Result: support chat P99 returned to 1.4 s during concurrent batch work; marketing jobs completed on the throughput pool without touching latency SLOs. Monthly GPU spend rose 8% from the extra replica — acceptable versus the prior invisible cross-team contention.

Technique decision table

Your situation	Prefer	Avoid
Multiple internal teams on one GPU cluster	Per-tenant keys + WFQ + separate latency/throughput pools	One shared API key and best-effort FIFO queue
External SaaS API with free tier	Hard TPM/concurrency caps + daily budget + smaller default model	Same limits as enterprise on shared replicas
Regulated customer (HIPAA, finance)	Dedicated replicas or single-tenant cluster + partitioned logs	Shared semantic cache across tenants
Heavy batch plus real-time chat	Physically separate replica pools with gateway routing	Priority flag only, same GPU pool
Early prototype, one team	Simple per-key RPM limit; defer full WFQ	Over-building tenant registry before second consumer exists
Per-tenant LoRA adapters	Gateway-bound adapter ID + cap hot adapters per replica	Client-supplied adapter path without auth binding

Common pitfalls

Rate limits only at the edge, not at the scheduler. Requests that pass HTTP limits can still pile up inside vLLM's internal queue.
TPM averaged globally. One tenant's spike hides in fleet-wide metrics; per-tenant dashboards are mandatory.
Shared prefix cache keys. Cross-tenant cache hits are a privacy incident waiting to happen.
Ignoring concurrency. TPM/RPM look healthy while 500 streams block the batcher.
Same pool for 200k-token RAG and 500-token chat. Long prefills are the classic noisy neighbor; route or cap by context class.
No tenant-level circuit breaker. A buggy retry loop in one service DDoS-es your own GPUs; per-tenant breakers contain blast radius.
Logging prompts without tenant-scoped retention.

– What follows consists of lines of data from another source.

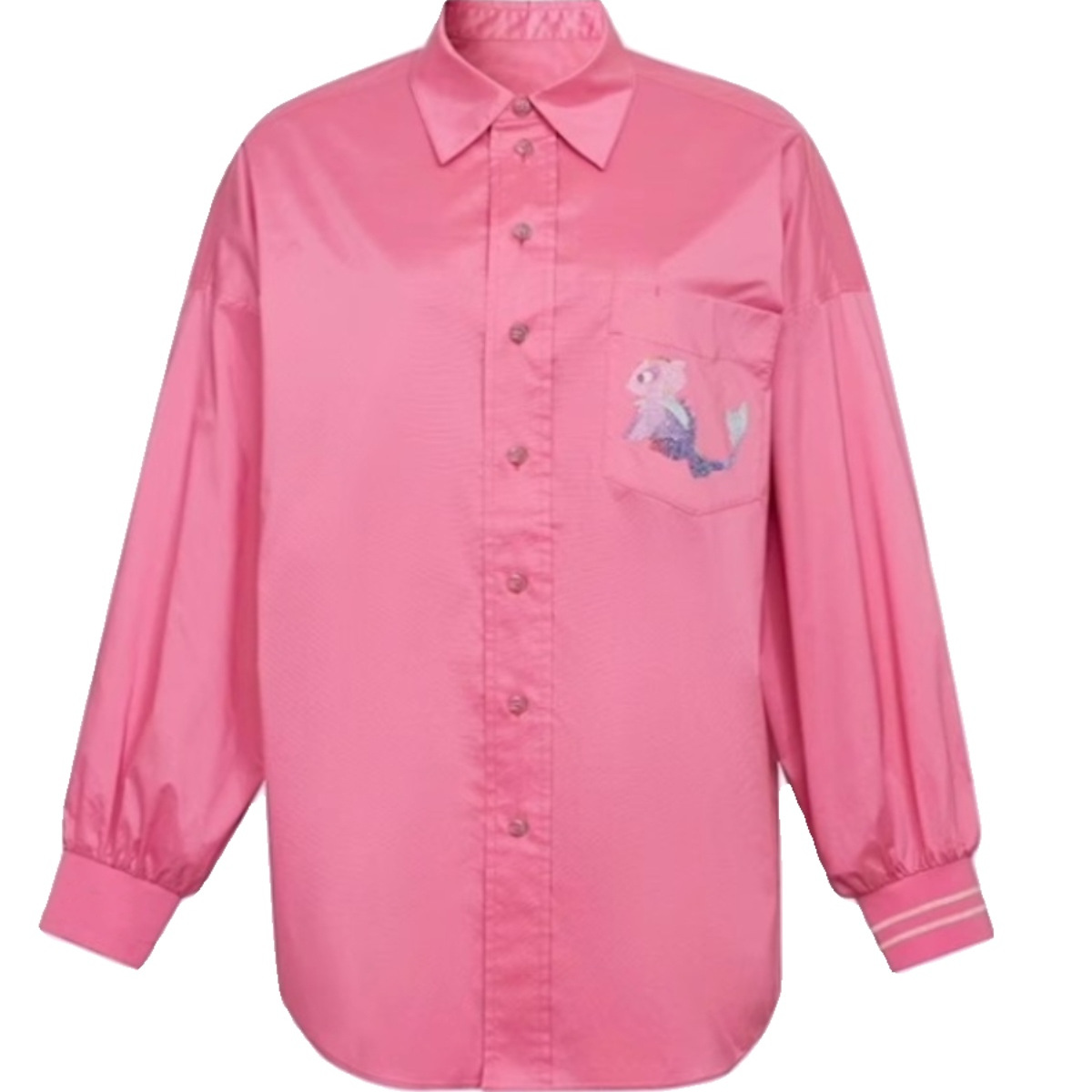 阿玛施女装正品2025春秋季新款宽松小恐龙中长款长袖衬衫5301081
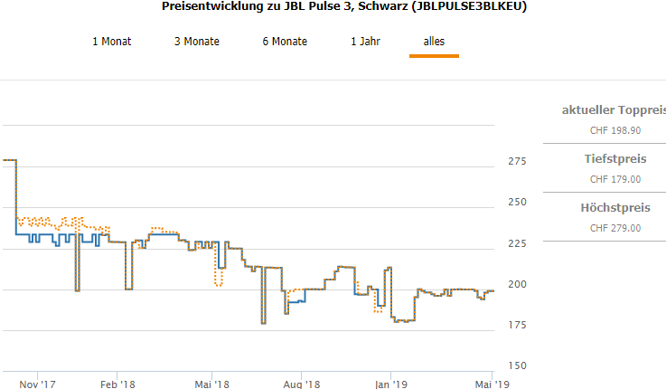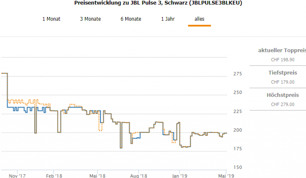 Mit CHF 149.- bietet digitec laut toppreise.ch den bisher besten Preis für den Lautsprecher, denn noch nie gab es das Gerät für weniger als CHF 179.-. Der zweitbeste Preis liegt aktuell bei CHF 198.90, sodass man hier deutlich spart.
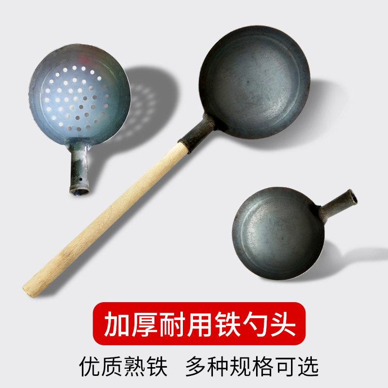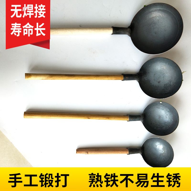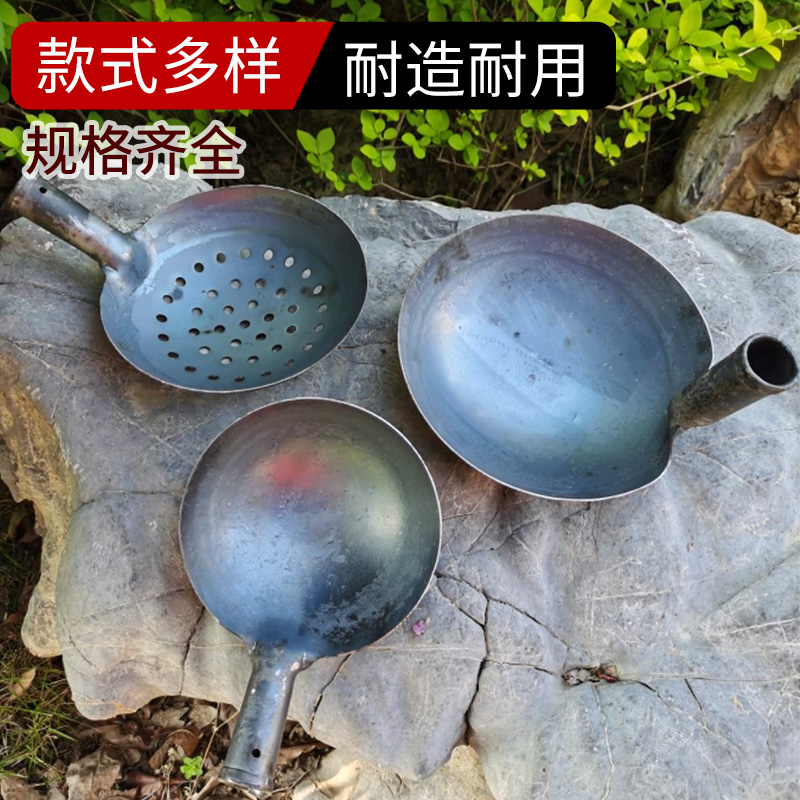 Steel handle iron spoon Colander Iron scoop Large iron spoon Outdoor pot Clean sewer silt Dig dirt dig dung spoon Gray spoon
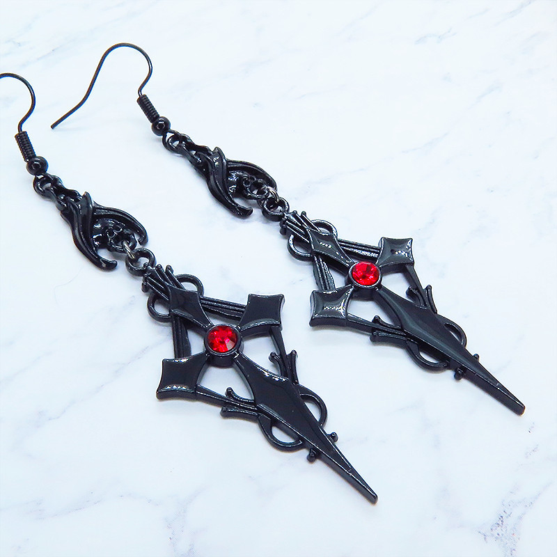 - ブラックに輝く十字架のブラッククロスピアス ロザリオ ゴシック パンク ロック メタルブラック
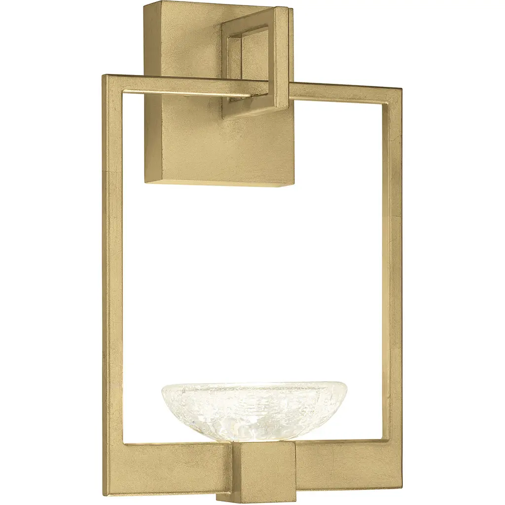 Inspired by the myths and legends of the ancient Oracle of Delphi, this sconce features hand formed glass and is set within a silhouette whose form above all emphasizes purity. Available in silver leaf, gold leaf and hand rubbed black iron with gold leaf
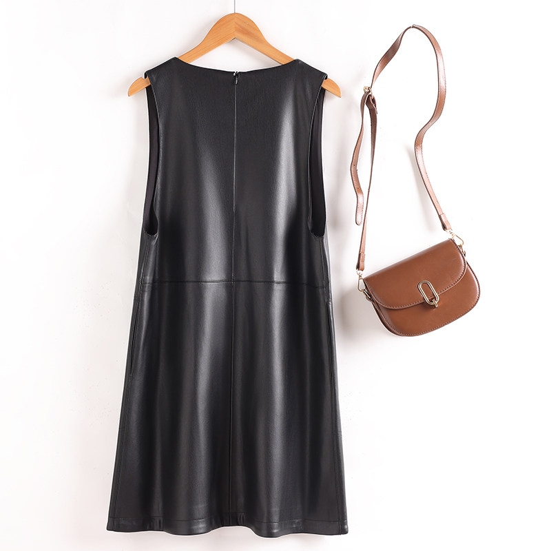 2025秋冬新款真皮马甲女装,采用优质头层牛皮,质感细腻,挺括有型。V领设计巧妙修饰颈部线条,视觉显瘦,搭配宽松版型,包容性强,轻松藏肉。坎肩式剪裁融合背心与连衣裙元素,中长款设计拉长身形比例,兼具优雅与随性。无论是内搭高领毛衣,还是外披大衣,都能轻松打造层次穿搭,百搭实穿。经典黑、焦糖、深棕等多色可选,适配通勤、休闲等多种场合。这款真皮马甲背心连衣裙,将时尚与舒适完美融合,是2025秋冬衣橱不可或缺的时尚单品。
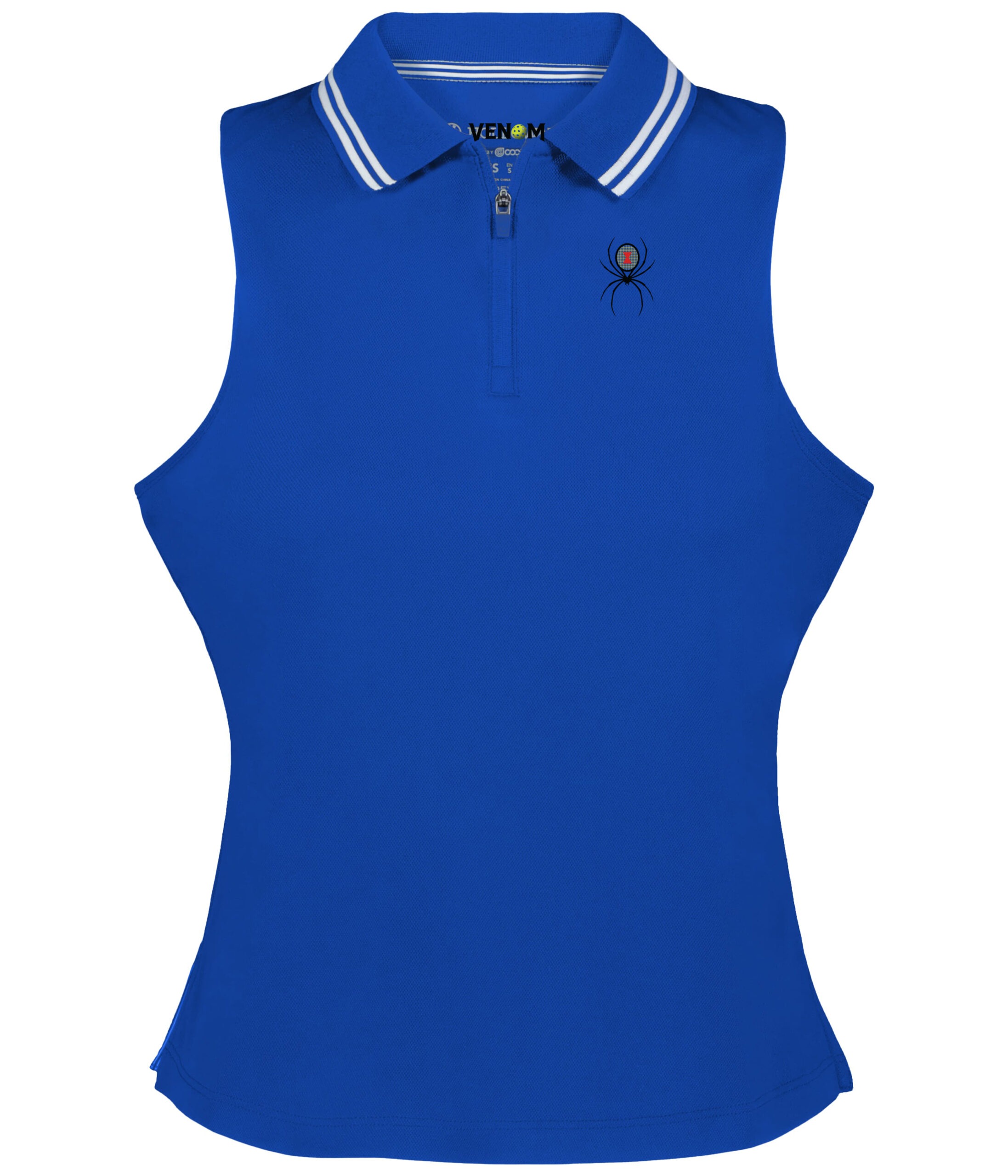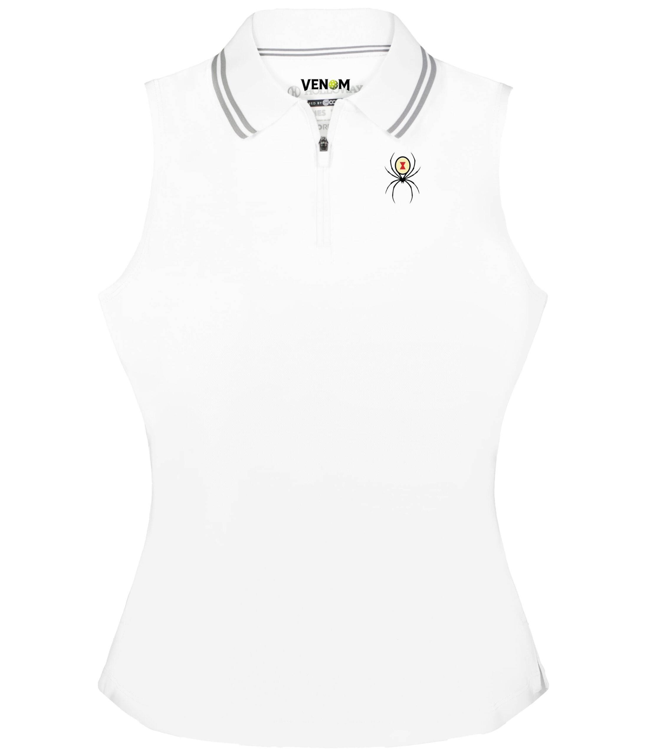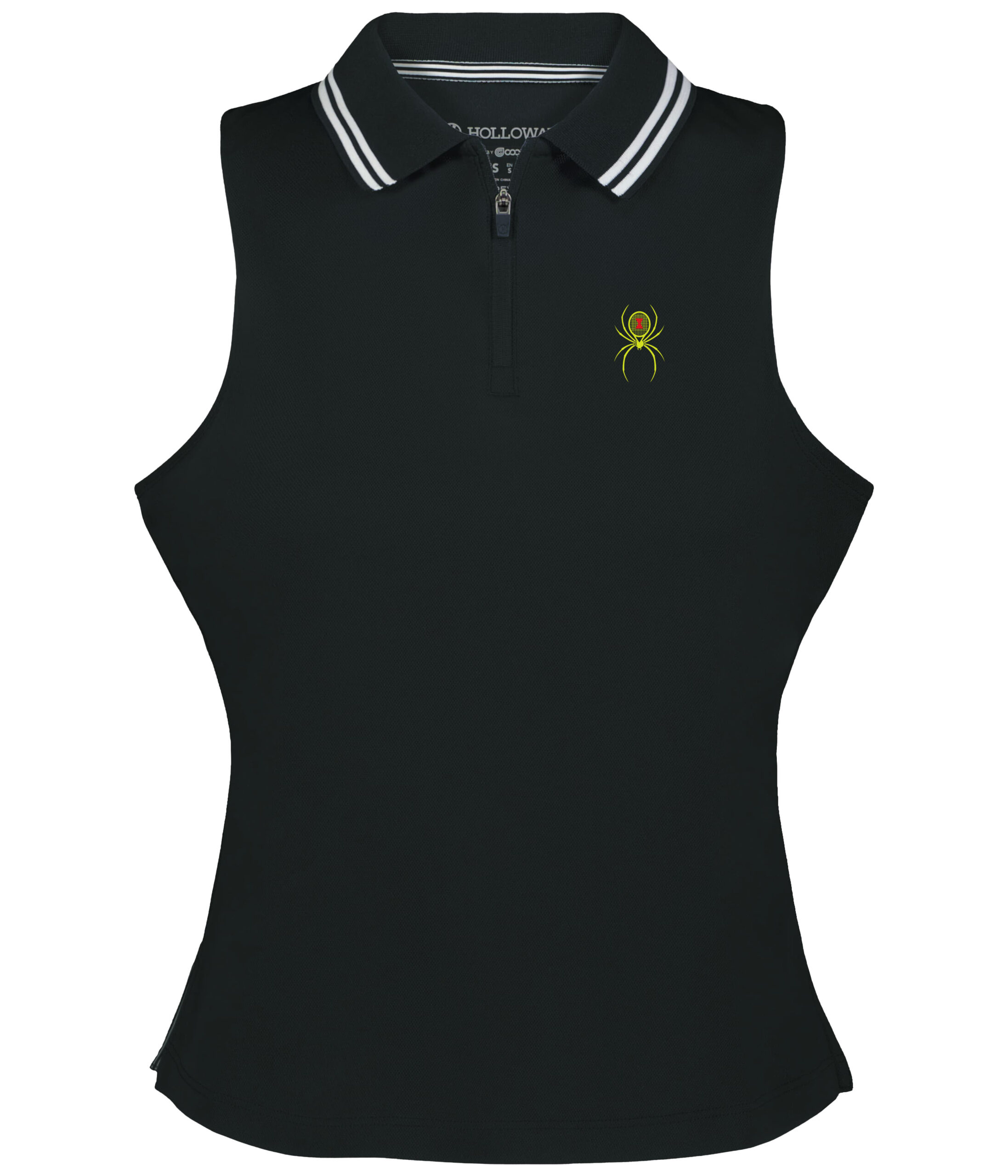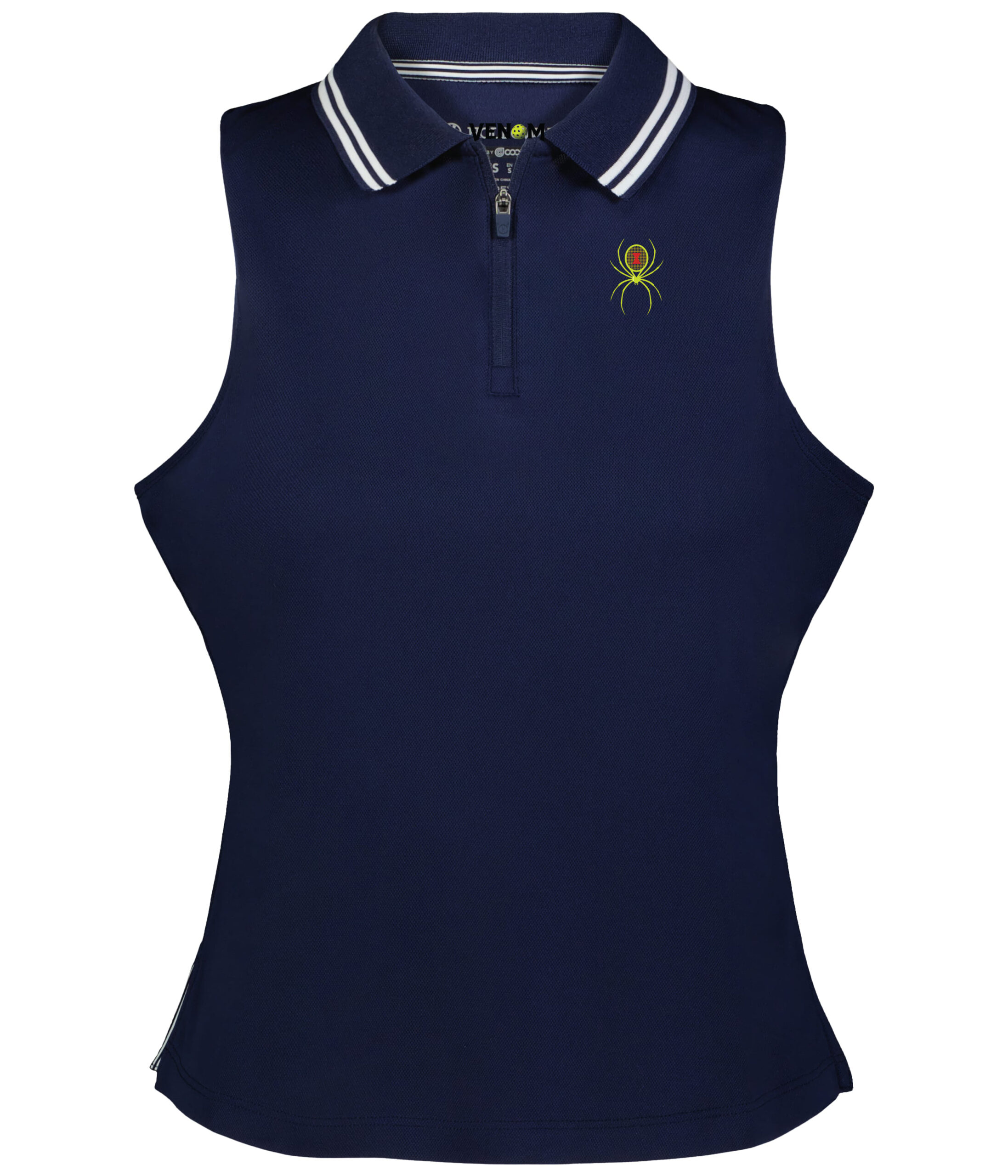 The modified racerback styling provides unrestricted shoulder movement for powerful serves, while the classic rib-knit collar with striped accents maintains sophisticated court style. The zippered placket offers adjustable ventilation for optimal comfort.
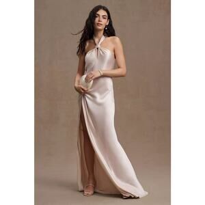 New Anthropologie BHLDN Ronny Kobo Samra Satin Twist-Halter Column Gown SIZE 4

Compliance audits fail when one bucket mixes all customers.

Production checklist

Issue unique API keys or JWT claims per tenant; ban shared production keys.
Enforce RPM, TPM, concurrency, and max context per tier at the gateway.
Tag every request and observability span with tenant_id and tier.
Split latency-sensitive and batch workloads across pools or replica groups.
Implement weighted fair queuing or equivalent scheduler fairness.
Key semantic and prefix caches by tenant; never cross-tenant cache hits.
Stream token usage to a metering pipeline for billing and budget alerts.
Expose per-tenant P50/P99 latency and 429 rates on a dashboard.
Document a single-tenant throttle runbook for incident response.
Bind LoRA or fine-tuned adapter selection to authenticated tenant identity.
Apply per-tenant PII redaction rules before prompt logging.
Load-test one tenant at max tier while others hold baseline traffic.

Key takeaways

Multi-tenant LLM isolation is a gateway and scheduling problem: identity, quotas, queue fairness, and data boundaries — not separate GPUs for every user.
RPM and TPM limits are necessary but not sufficient; concurrency caps and context-class routing stop noisy neighbors on shared tensor cores.
Split latency and throughput pools when batch jobs and interactive chat share a fleet.
Caches and logs must partition by tenant; a shared semantic cache is a compliance risk.
Harbor Analytics restored support SLOs by tiered pools, per-tenant metering, and throttle runbooks — not by buying a GPU per team.